Supplied material:
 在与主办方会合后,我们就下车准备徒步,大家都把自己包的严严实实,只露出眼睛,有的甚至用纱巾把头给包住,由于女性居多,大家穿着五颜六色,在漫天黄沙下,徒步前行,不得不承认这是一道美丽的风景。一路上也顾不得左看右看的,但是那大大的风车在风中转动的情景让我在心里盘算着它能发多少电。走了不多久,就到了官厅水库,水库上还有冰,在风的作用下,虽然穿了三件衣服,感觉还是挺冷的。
==
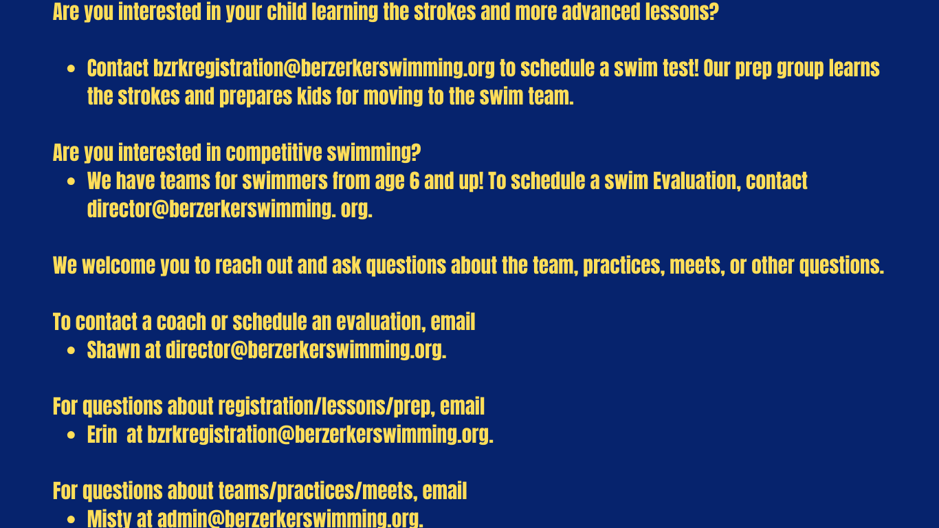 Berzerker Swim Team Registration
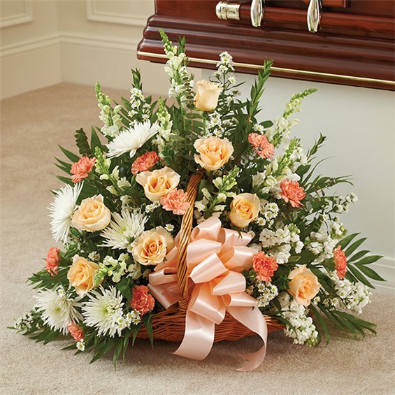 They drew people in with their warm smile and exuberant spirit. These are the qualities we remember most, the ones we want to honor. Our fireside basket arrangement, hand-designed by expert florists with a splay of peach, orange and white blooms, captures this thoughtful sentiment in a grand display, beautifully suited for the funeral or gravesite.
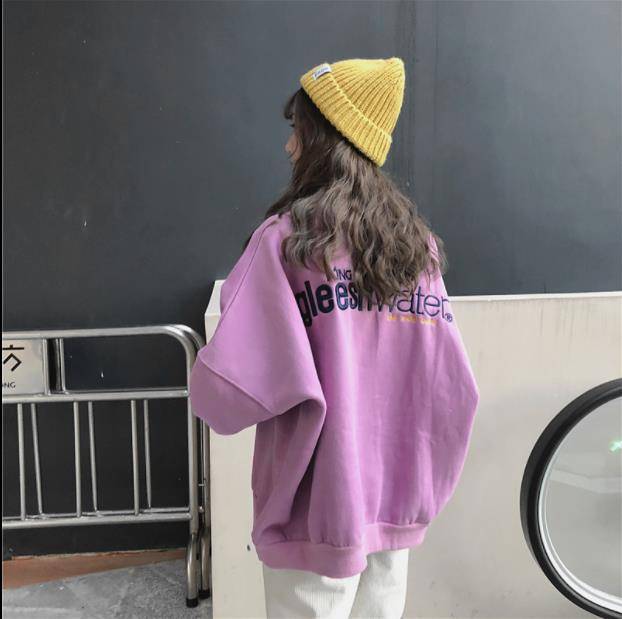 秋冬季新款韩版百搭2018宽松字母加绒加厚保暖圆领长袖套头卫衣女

Exercise requirements:
Between and including the line with "They drew people" and the line with "秋冬季新款韩版百搭2018宽松字母加绒加厚保暖圆领长袖套头卫衣女", repeat every line exactly as it appears above, with pictures left out.

Your solution:
 They drew people in with their warm smile and exuberant spirit. These are the qualities we remember most, the ones we want to honor. Our fireside basket arrangement, hand-designed by expert florists with a splay of peach, orange and white blooms, captures this thoughtful sentiment in a grand display, beautifully suited for the funeral or gravesite.
 秋冬季新款韩版百搭2018宽松字母加绒加厚保暖圆领长袖套头卫衣女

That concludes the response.